Certainly, if one says "through my fault, my fault, my most grevious fault", people entirely understand this -- though, indeed, the may not speak like this on television or on the street corners. Or to add in descriptive words like "precious Chalice", "sacred hands", certainly does not obscure either, but again, it is a different form of English speech. But that different form of English speech is not without comprehension.
What this must mean, then, is that it isn't merely about the use of English words that are of less use in common-speak, but it is also about speech that would be commonly heard on streets, in shopping malls and on television. That is "being adapted".
But from whence comes this principle? More sacral forms of English are comprehensible and set the sacred liturgy outside the normal, the banal, the secular.

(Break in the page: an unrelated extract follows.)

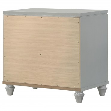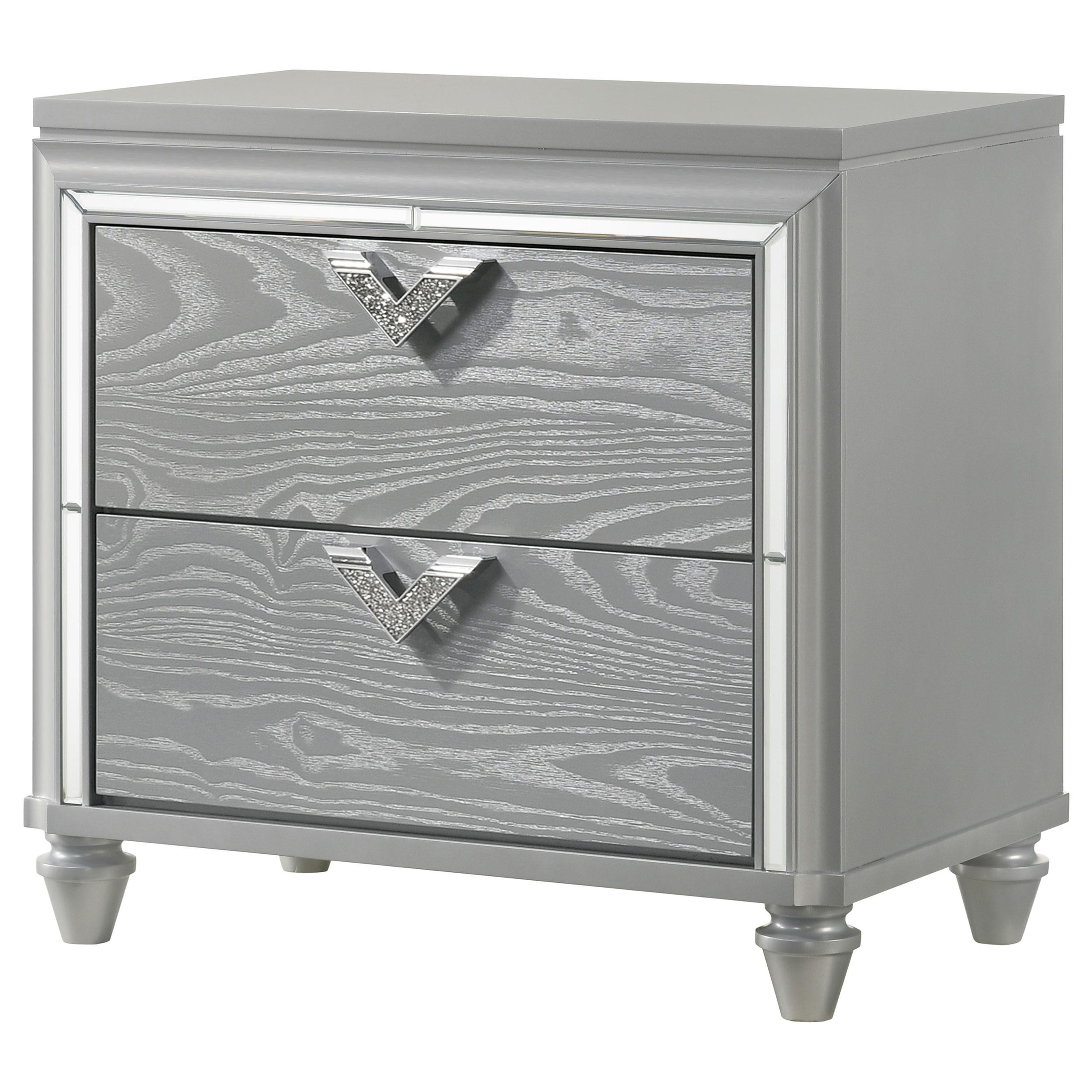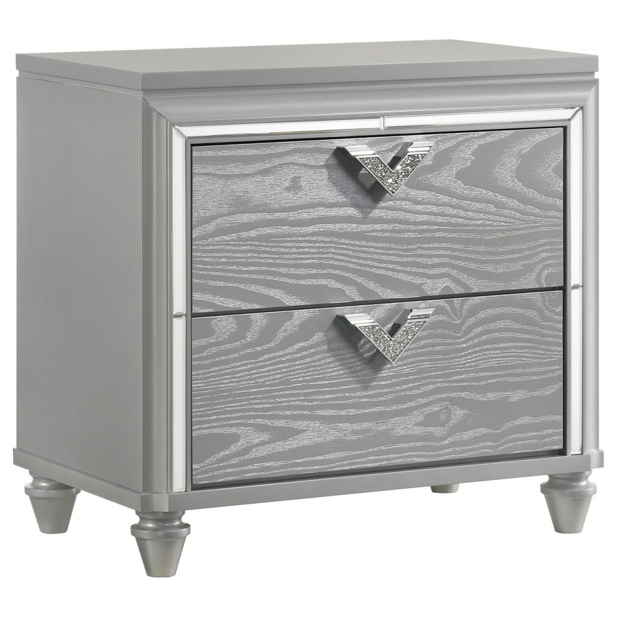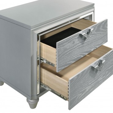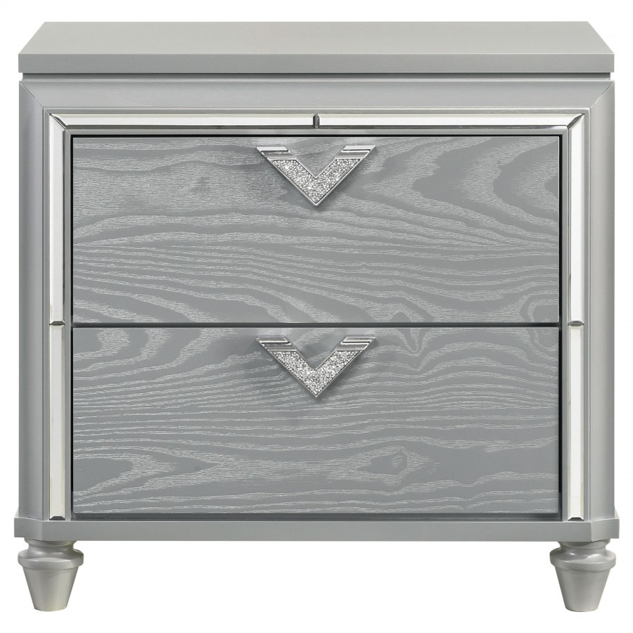 Shimmering details create the glamorous vibe of this modern two-drawer nightstand. While two drawers create ample bedside storage, the nightstand creates a chic accent beside your bed. It showcases a light silver finish with wood grain accents on its drawer fronts and shiny trim that adds dimensionality. Each drawer is accented with a V-shaped, glittering pull that adds jeweled flair and sophistication. Its top drawer features felt lining, adding protection for valuables and electronics.

This is as it ought to be since the sacred liturgy is not a pedestrian event. Again, it is not merely a horizontal, communal event, but also one of primarily heavenly and transcendent orientation -- the context in which the communal occurs. We do not bring the heavenly down to the banal and everyday, rather we bring the everyday up into the heavenly.
Bishop Trautman: "I see this letter [from Arinze] as a clarification and further restatement of criteria for translation previously authored by the congregation," Bishop Trautman said. He said it "offers additional input for the deliberation of the bishops."
I'm not entirely certain what Bishop Trautman means by his last quote, but it seems to be a good example of where black is called white and vice versa. To anyone reading Arinze's letter, what becomes clear is that there is not as much input on the matter of translation as a certain sector of the U.S. Bishops (and presumably some other English speaking bishops) would wish. Rather, in all but certain specialized exemptions that the CDW would possibly entertain, the principles of Liturgiam Authenticam are the norm.
Without seeing the full context of what Bishop Trautman is saying, certainly his suggestion that Arinze's letter offers "additional input for the deliberation of the bishops" seems to either stubbornly resist the reality which Arinze presented, or turn Arinze's letter, and Liturgiam Authenticam itself, into something merely subjective and optional; mere "advice" for the bishops to consider, but not objective instruction which they are bound to follow. In either case, it seems to be a subtle form of resistance.]